I’m not against Christmas, contrary to the view of the parent of a child that approached me once and asked if I was Santa’s sister because his mum has said I was ‘Aunty Christmas.’ I love Christmas. I come over all Jimmy Stewart as soon as Summer’s over and I can’t hear the opening bars of ‘Silent Night’ without bursting into tears and wanting to join the Sally Army. I just hate this unnecessary and inexplicable extortion every year.

I don’t have kids, and I’m sure some of you are thinking, “If your wife’s as tight as you are, you never will!” But my sister does. My sister is a single mum with two sons. The eldest is 22 now so his festive focus has fully relocated from under the tree to under the table but his kid brother is 14. Old enough to want everything but too young to care what it costs.

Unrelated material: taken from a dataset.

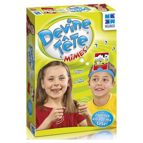 Devine Tête mimes de Megableu, c’est la version « mimes » du grand classique Devine tête !Les joueurs devront à tour de rôle faire deviner à leurs coéquipiers, par des gestes et des sons, l‘action qui est représentée sur la carte qui est sur leur tête : « je bois à la paille », « je reço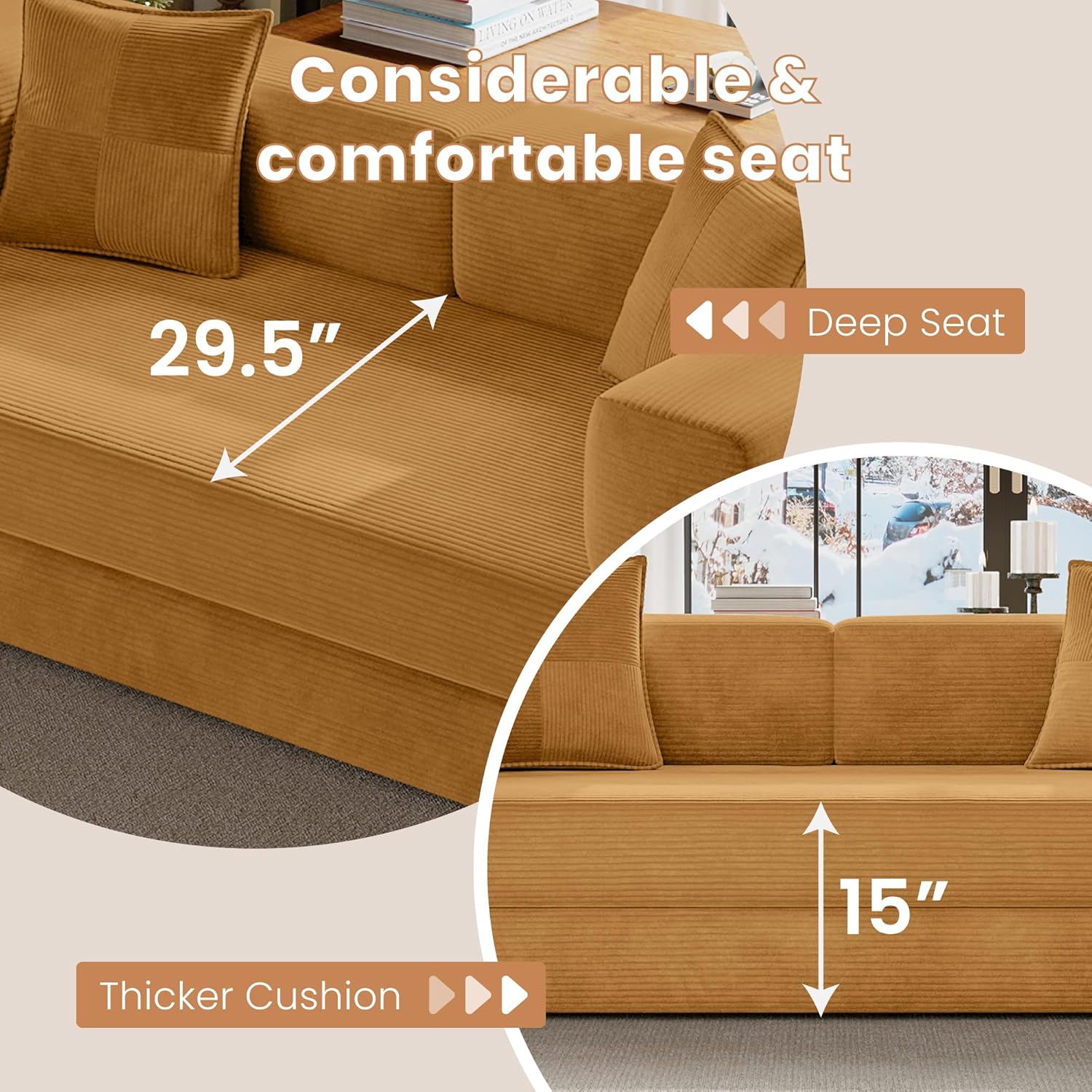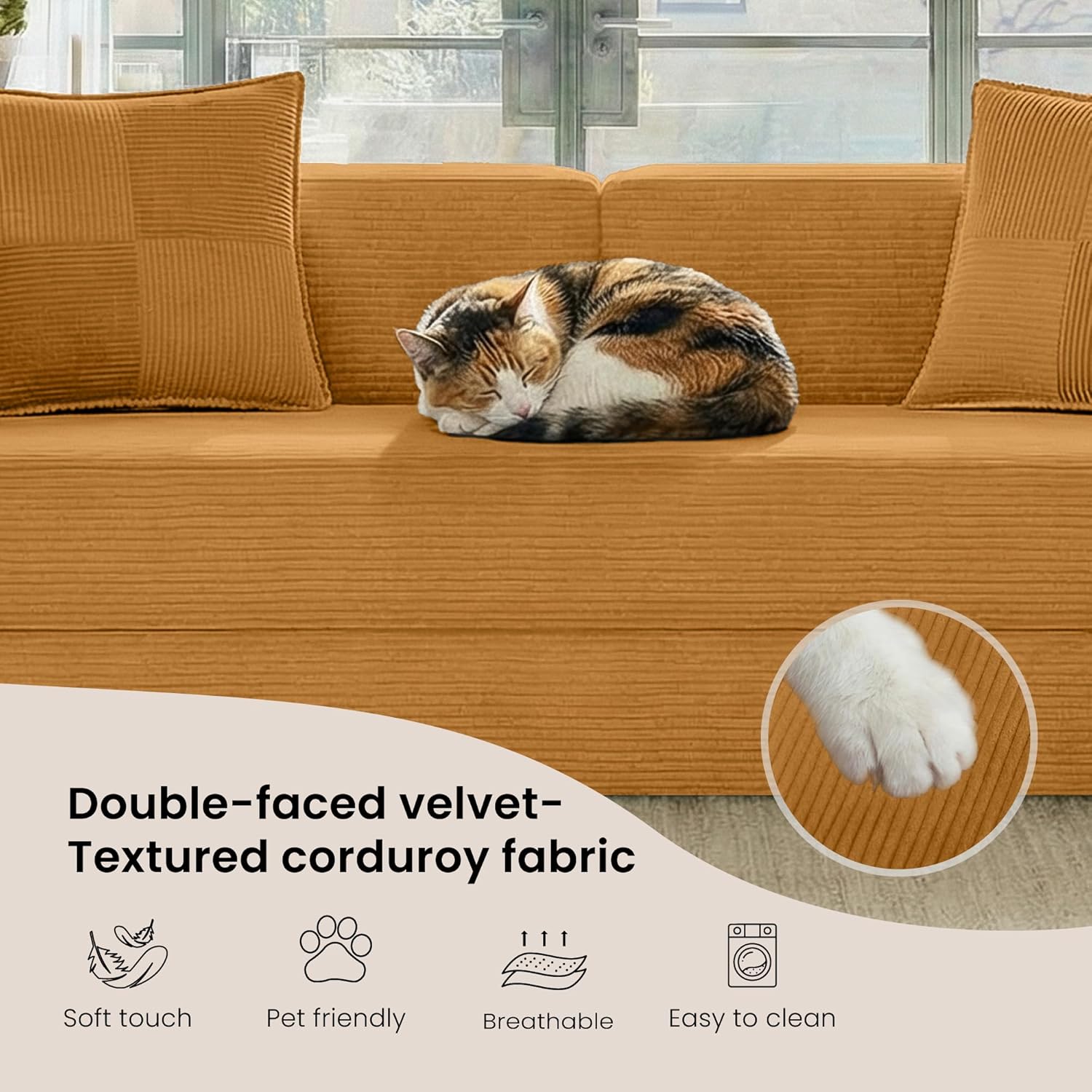 Dreamlike Corduroy Comfort: Sink into a realm of luxury with pet-friendly, breathable corduroy and high-resilience foam that bounces back like a fairy-tale spell. The removable, machine-washable slipcover ensures cloud-like support and effortless care for your enchanted lounging.

When his mates are all tweeting photos of their new PS3 on their new ipads and running round to his house in their new trainers to make sure he got it because he hasn’t ‘RT’d’ yet, he’s going to hide his market versions- the ‘iPhone’ and the ‘Games Centre Play Console- with 7 game cartridges included!’ And look at my poor sister like she’s picking the last of Santa’s gonads from between her teeth just because she couldn’t get herself into deep enough debt to avoid the emotional scarring a shit present can have on a teenager.

He won’t really because he’s a good kid. He’ll do what I used to do and pretend it’s just as good as the thing you really wanted then find a way to hide it long enough to casually mention you played with it so much it broke, and suffering the inevitable comeback, “That doesn’t just apply to toys you know!”

I still remember desperately faking happiness when the ‘Evil Knievel action figure with interchangeable costumes and multi-trick stunt bike’ I’d asked for turned out to be a small plastic moulded ‘figure-on-bike’ with a big glued seam running down the middle that you revved up and watched career in a short curve into the nearest skirting board. Not to mention picking the stitching from the fourth stripe on my ‘same as Adidas’ trainers before I got to school only to be told by my jeering fellow students, as I knelt down for assembly, that they had different coloured soles- not from genuine Adidas trainers but from each other.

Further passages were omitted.